In this sense, the presence of Jaguar Land Rover – owned by Indian firm Tata Motors, and HSBC, with its Far East connections, that I think serves as a springboard. Not so much in terms of expanding trade from these existing entities per se, but rather in that being emblematic corporate labels, they showcase the appeal of the Midlands for other emergent investors from India, East Asia, and elsewhere in the Commonwealth (not least my home country, Australia).

For the Region, then, the 2022 Commonwealth Games are everything to play for…

 

 

[1] Fothergill, S. (2009), ‘The Impact of Recession on Industrial Britain’, Industrial Communities Alliance: Barnsley.

[2] Van Winden, W. (2008), ‘Urban governance in the knowledge-based economy: Challenges for different city types’, Innovation: management, policy and practice, 10: 197-210.

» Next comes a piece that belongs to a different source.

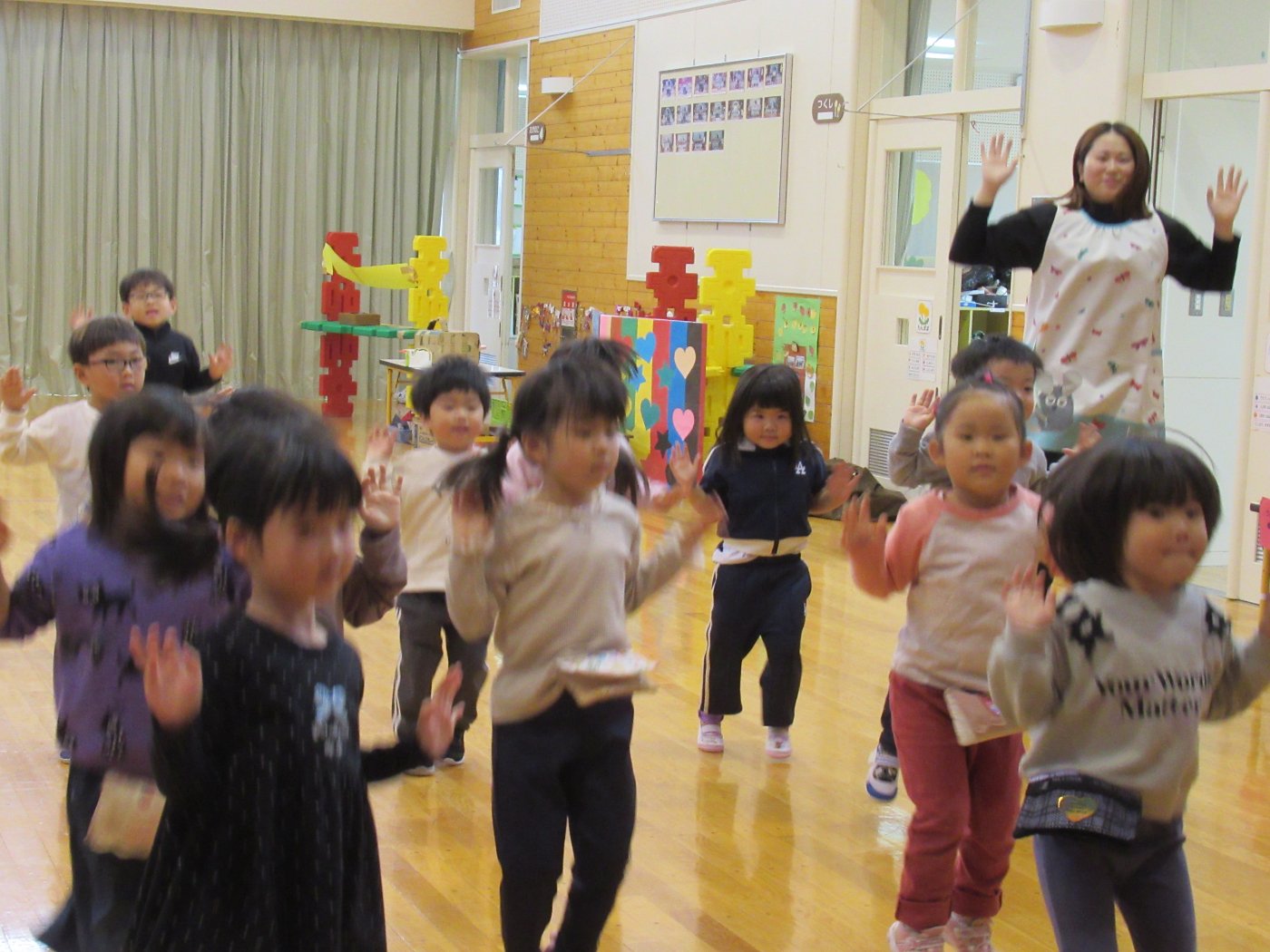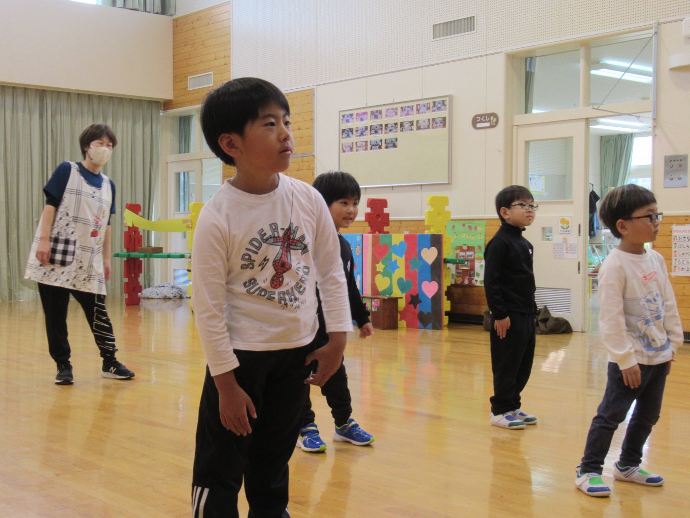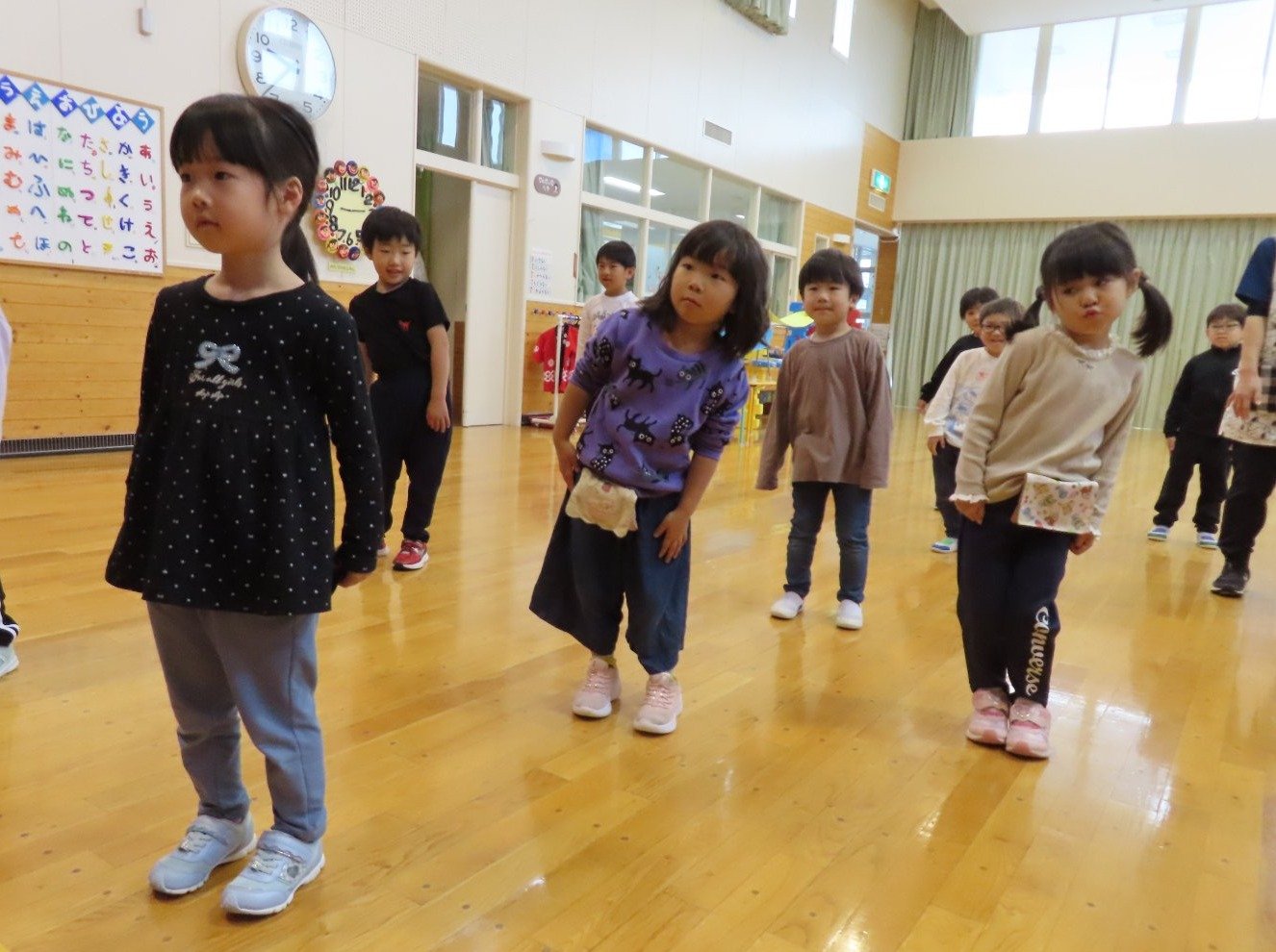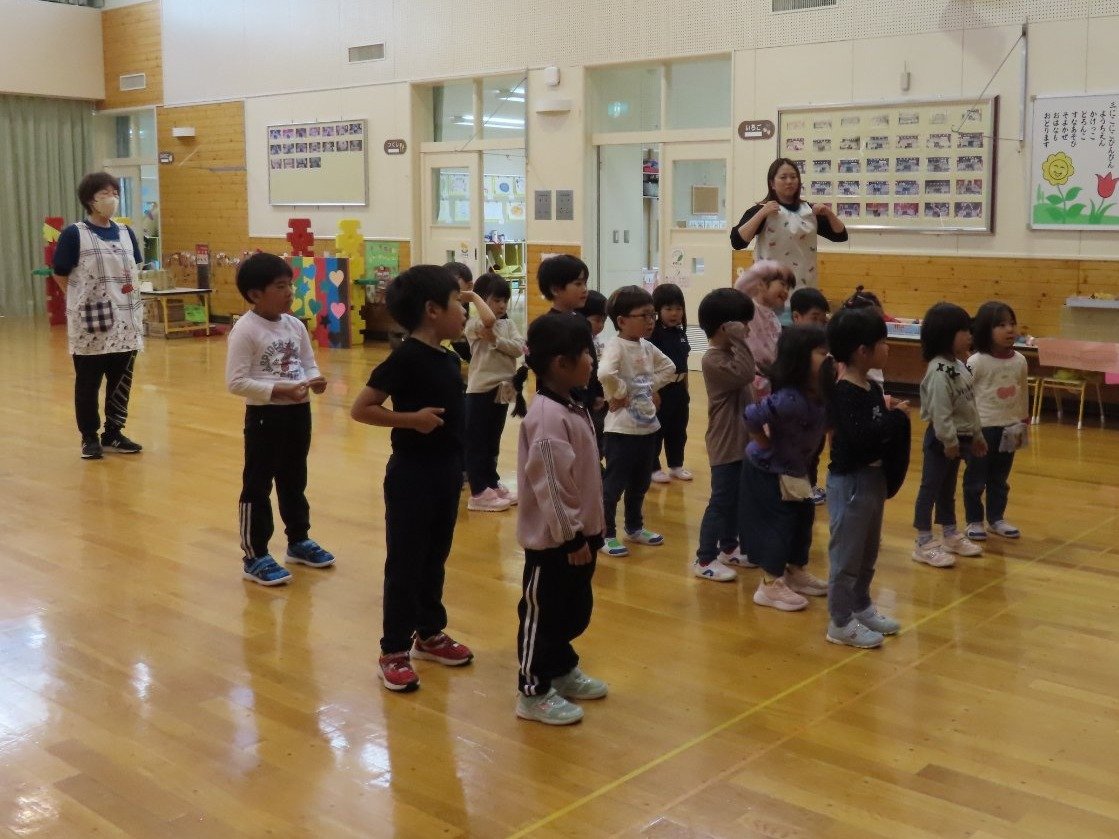 自園でも、学んできたことを子ども達に還元しようと『げんきっ子タイム』のように継続して取り組むことにしました。体の感覚を大切にするトレーニングで、正しい動きができるようになることが目的ではなく、どういう動きをすればいいのか考える時間、探っている過程が重要だそうです。

[3] Vines, R. (2020), ‘U.K. Hospitality Industry Sales Slump 87% as Coronavirus Lockdown Bites’, Bloomberg (28th July 2020), accessed on 28th July, 2020 at https://www.bloomberg.com/news/articles/2020-07-27/u-k-hospitality-industry-sales-slump-87-as-coronavirus-lockdown-bites

[4] Office for National Statistics, (2019), ‘Regional gross value added (balanced) by industry: all NUTS level regions’ accessed on 28th July 2020 at https://www.ons.gov.uk/economy/grossvalueaddedgva/datasets/nominalandrealregionalgrossvalueaddedbalancedbyindustry

About Professor Alex de Ruyter

Alex de Ruyter is a professor at Birmingham City University and serves as Director of its Centre for Brexit Studies. He brings a wealth of research experience and academic engagement in the areas of globalisation, regional economic development, labour market and social exclusion issues. He has published over 60 academic outputs in leading national and international economic journals and has been the recipient of research funding, including work for the West Midland Combined Authority on understanding the supply chain implications of Brexit on the Automotive and Aerospace sectors in the Midlands.

Professor de Ruyter has undertaken numerous media interviews and is currently researching on working in the “gig economy”. He is also a Board member of the Regional Studies Association.